Le donazioni potranno essere effettuate tramite la app Tucum, sul sito www.tucum.net, nella pagina dedicata al progetto “Alimentiamo la speranza”.
TANZANIA
Resistenza fisica messa a dura prova, mattine nelle quali le gambe sono pesanti come blocchi di granito e poi il calore del sole che nove volte su dieci è ai limiti del sopportabile.
Ciononostante quando riesco a superare questi impedimenti e mi metto in cammino, sono molteplici le gioie e i momenti piacevoli che durante lo svolgimento della tappa prendono vita.
Poco più di un mese fa ha preso avvio questa straordinaria avventura.
Mi sembra ieri quando sul volo Il Cairo – Dar Es Salaam ho scritto per la prima volta una lettera al mio papà oltre quattro anni dopo la sua nascita in cielo.
Mi sembra ieri quando ho iniziato a camminare partendo dal sagrato della cattedrale di Dodoma. E invece ho già macinato oltre 600 chilometri.
Chilometri densissimi di emozioni, incontri, difficoltà ma soprattutto voglia di farcela.
Dalla capitale della Tanzania sono giunto a ridosso del confine con il Malawi, uno dei Paesi più poveri dell’Africa, nel cui territorio entrerò alla fine di questa settimana. In terra tanzaniana ho gustato e sto gustando l’elevatissimo tasso di cordialità delle centinaia di persone nelle quali mi sono imbattuto.
Sempre sorridenti, disponibili in ogni momento ad aiutare un musungu (bianco), mai tentennanti nel dimostrare la curiosità/felicità nel vedere un forestiero. Eppure di motivazioni sulle quali erigere il loro edificio di non felicità e non serenità ne avrebbero a iosa. Soprattutto nei villaggi infatti il tasso di miseria e la totale mancanza di igiene fanno rabbrividire.
E di villaggi, in Tanzania, se ne trovano ovunque.
Il pugno nello stomaco è rappresentato dalla moltitudine quasi sterminata di bambini lasciati in balia di se stessi. Indossano stracci, giocano circondati e avvolti da polvere, sporcizia e rifiuti di ogni tipo e, molte volte, li vedi divertirsi in pozzanghere fangose dense di insetti.

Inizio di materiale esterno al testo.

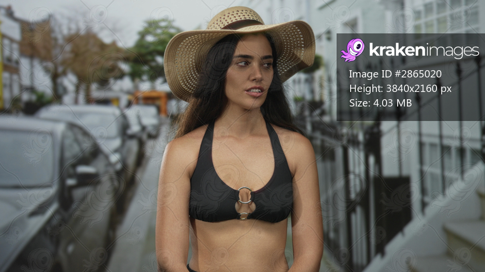 Woman wearing straw sun hat turns head to look sideways along parked cars on street; serenity calm leisure.
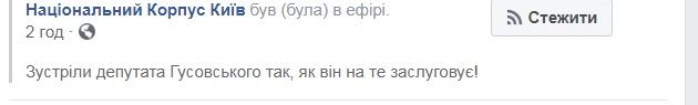 "Сегодня утром в холле КГГА неизвестные активисты облили зеленкой и забросали яйцами депутата Киевсовета Сергея Гусовского. Инцидент произошел в присутствии активистов Нацкорпуса, которые хотели задать ему вопрос о его коррупционной деятельности. Наши активисты участия в "люстрации зеленкой" не брали, считаем, что надо действовать другими методами", – заявил Нацкорпус.
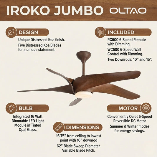 Iroko Jumbo 62" Ceiling Fan with Light
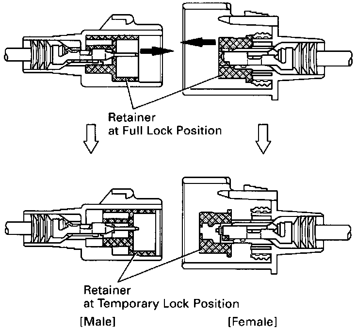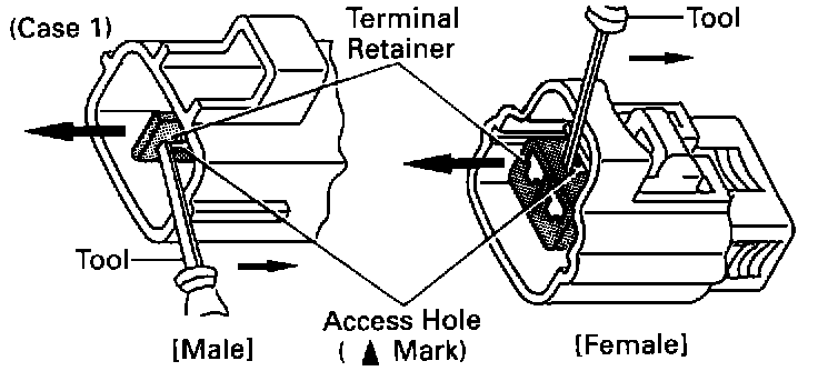 Type which cannot be pulled as far as Power Lock insert the tool straight into the access hole of terminal retainer as shown.Push the terminal retainer down to the temporary lock position.
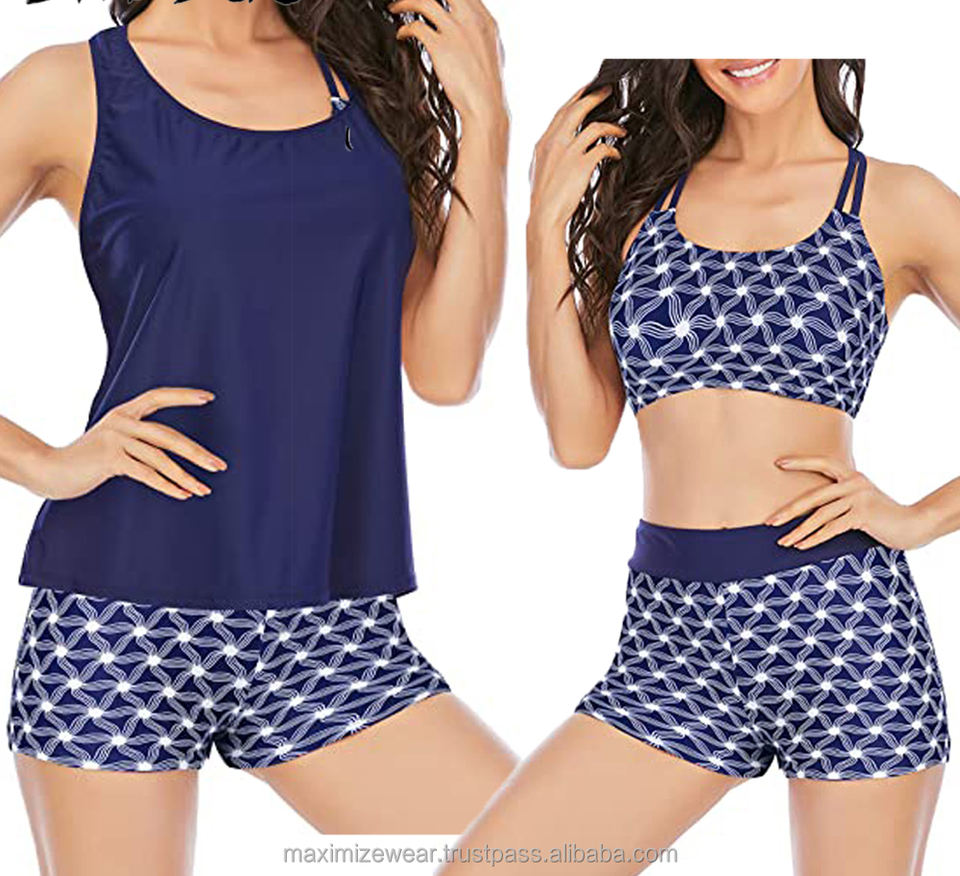 Custom Design 3 Piece Swimsuits for Women Athletic Tankini Teen Bathing Suit Tummy Control Swim Clothing

Fango che qui in Tanzania è presente in quantità industriali per via della stagione delle piogge nella quale mi trovo immerso.
I miei occhi hanno visto bimbi di pochi anni divertirsi come matti inventandosi giochi con scarti di automobili che in qualsiasi angolo d’Italia sarebbero impensabili e improponibili. Qui invece non sono l’eccezione ma la regola.
E quante ragazzine appena diventate signorine che dopo la loro prima volta, vengono abbandonate non appena il ragazzo con il quale hanno assaggiato la sessualità viene a conoscenza che diverrà padre.
Le parole di Elizabeth, 16 anni, conosciuta in un villaggio sperduto in mezzo alla foresta, trafiggono anche il cuore più insensibile: “Ero vergine, lui aveva pochi anni in più di me. Mi sentivo molto attratta perché nonostante la giovane età mi dava l’idea di essere un ragazzo maturo e responsabile. È stato un rapporto molto veloce. Lui ha pensato solo a una cosa.
Quando gli ho comunicato di essere incinta, è scappato in un altro villaggio. Ora non so dove sia. Mi ha fatto sapere che di me e di nostra figlia, nata cinque mesi fa, non gli interessa nulla e che mai la riconoscerà”.